In 2011, Cohon oversaw the distribution of concussion flyers and posters that advised players about “six simple to follow steps” when they believed they might have suffered a concussion.
The flyers omitted a warning to players and coaches that a player should retire after suffering multiple concussive blows to the head, the lawsuit says.
In Bruce’s case, the former player alleged the CFL should have ensured that players, especially those who have suffered concussions, were given Riddell's Revolution IQ HITS football helmet, a model that sells for about $1,000 - more than double the cost of a typical helmet. That helmet features built-in sensors that detect the number and severity of hits to the head a player receives during games.
Bruce claimed that helmet technology was used by to convince former Calgary quarterback Dave Dickenson to retire in 2009 after suffering repeated concussions.

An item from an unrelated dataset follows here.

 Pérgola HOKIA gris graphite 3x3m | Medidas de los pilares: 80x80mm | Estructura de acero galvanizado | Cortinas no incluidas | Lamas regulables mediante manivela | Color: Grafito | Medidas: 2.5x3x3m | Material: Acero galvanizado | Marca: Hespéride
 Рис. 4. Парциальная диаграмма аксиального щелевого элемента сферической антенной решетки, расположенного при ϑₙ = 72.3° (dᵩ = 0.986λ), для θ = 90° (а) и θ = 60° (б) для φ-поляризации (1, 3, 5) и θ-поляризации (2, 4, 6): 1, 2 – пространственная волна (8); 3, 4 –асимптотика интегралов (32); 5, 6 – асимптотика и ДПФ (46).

The lawsuit alleges Cohon and the league, “intentionally concealed information about the technology available to record and report the plaintiffs’ and the other class members’ ongoing and continuing trauma.”
“The concealment was intentional, reprehensible and offended the ordinary standards of decent conduct in the community and showed contempt for the general public and the plaintiffs’ and other class members’ rights by unnecessarily endangering the plaintiffs’ and other class members’ lives.”

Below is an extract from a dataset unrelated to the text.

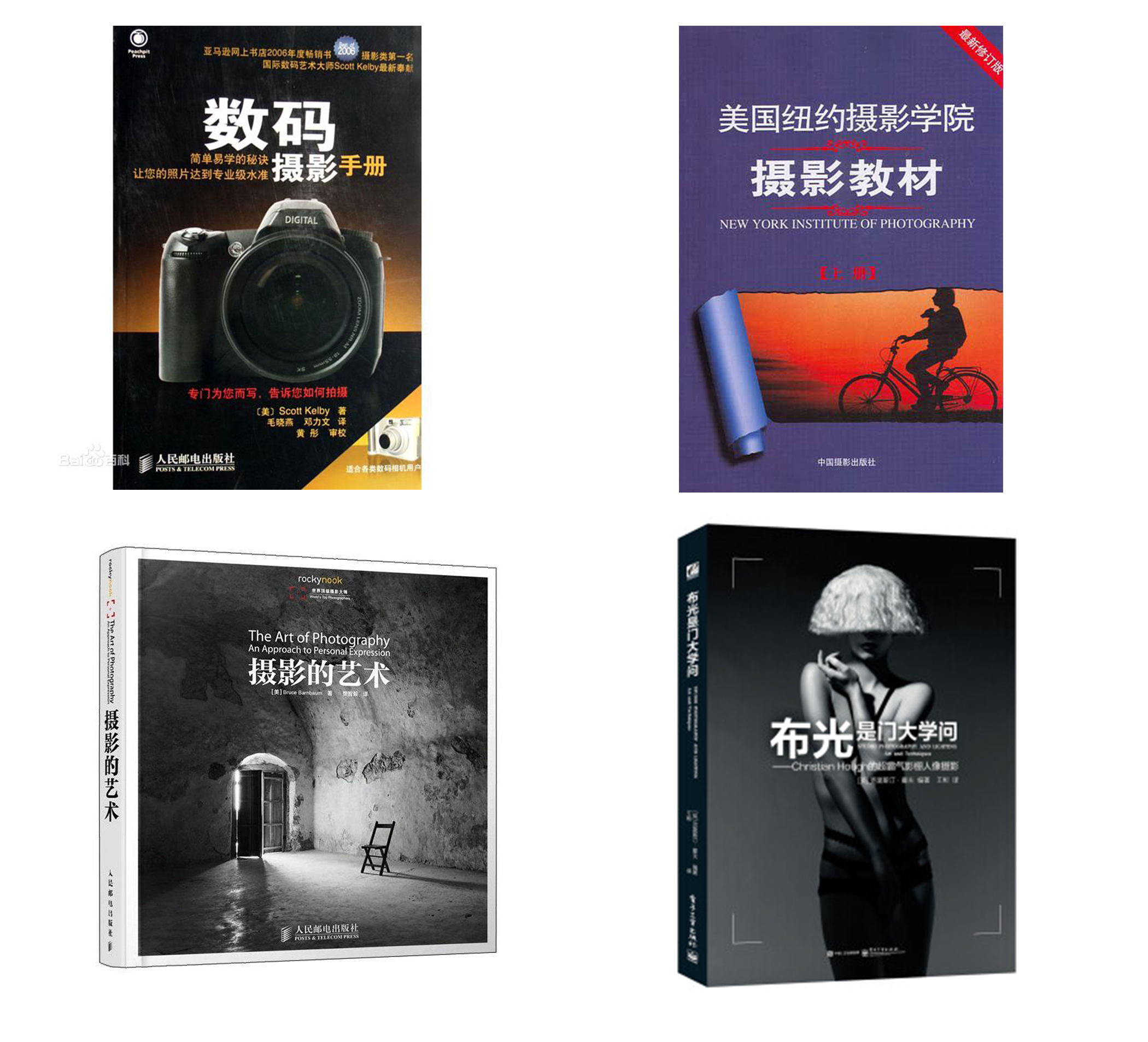 在這里給大家推薦Scott Kelby的《數(shù)碼攝影手冊》,大名鼎鼎的《紐約攝影學(xué)院教材》,Bruce Barnbaum的《攝影的藝術(shù)》和 Christian Houg的《布光是門大學(xué)問》。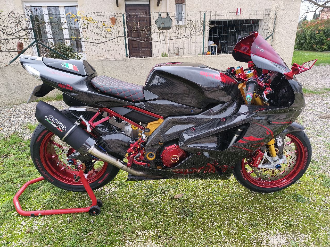 APRILIA RSV 1000 factory full carbone, carénages complets en carbone, le reservoir a été recouvert de carbone (ce n'est pas du covering mais bien du carbone) car impossible de trouver un reservoir de RSV NERA sur le net. tout est neuf: roulements et joints de roues, stator, régulateur, disques de freins AV et AR, plaquettes, leviers freins et embrayage, cylindre de frein AR, kit chaine complet, pneus AV et AR, batterie au lithium... échapements GPR FURORE inox homologués, avec un son fabuleux durites de frein avant et arrière aviation tressées rouge, une grande partie de la boulonnerie est en titane colorée. toutes les vis creuses de frein sont en titane rétroviseurs RIZOMA repeints, bocaux de freins RIZOMA cales de roues arrière EVOTECH bulle ERMAX minis clignotants avant LED (rajout de résistances pour le clignotement lent) poignées DOMINO accélérateur à tirage rapide DOMINO avec câble neufs la fourche à été refaite et le traitement chimique des tubes également le compteur a été remplacé car l'ancien avait un défaut: le compte tours, et les voyants de clignotants ne fonctionnaient plus. Mais j'ai la photo de l'ancien compteur pour prouver le kilométrage. moto rabaissée de 30 mm, poignées rehaussées de 40 mm nombreuses pièces repeintes en rouge commandes reculées la vidange a été faite, bougies neuves, filtre à air racing les jantes ont été thermolaquées gris et un vernis candy rouge a été appliqué le contrôle technique est récent et zéro défauts carte grise à mon nom, nombreuses photos sur demande Je possède toutes les factures ou preuves d'achat PRIX FERME

The lawsuit says Tator, “claimed to have a cooperative and working relationship with the NFL and Boston University while funding and circulating material and studies to players and coaches that contradicted the research conducted by the NFL and Boston University.”
In the new pleadings, Banks and Allen allege Tator misled the public when he released a study in 2012 claiming three of six brains of deceased CFL players they examined showed signs of the degenerative brain disease chronic traumatic encephalopathy, or CTE.
Even though three of six donors had CTE, Tator titled his research article, “Absence of Chronic Traumatic Encephalopathy in retired football players with multiple concussions.”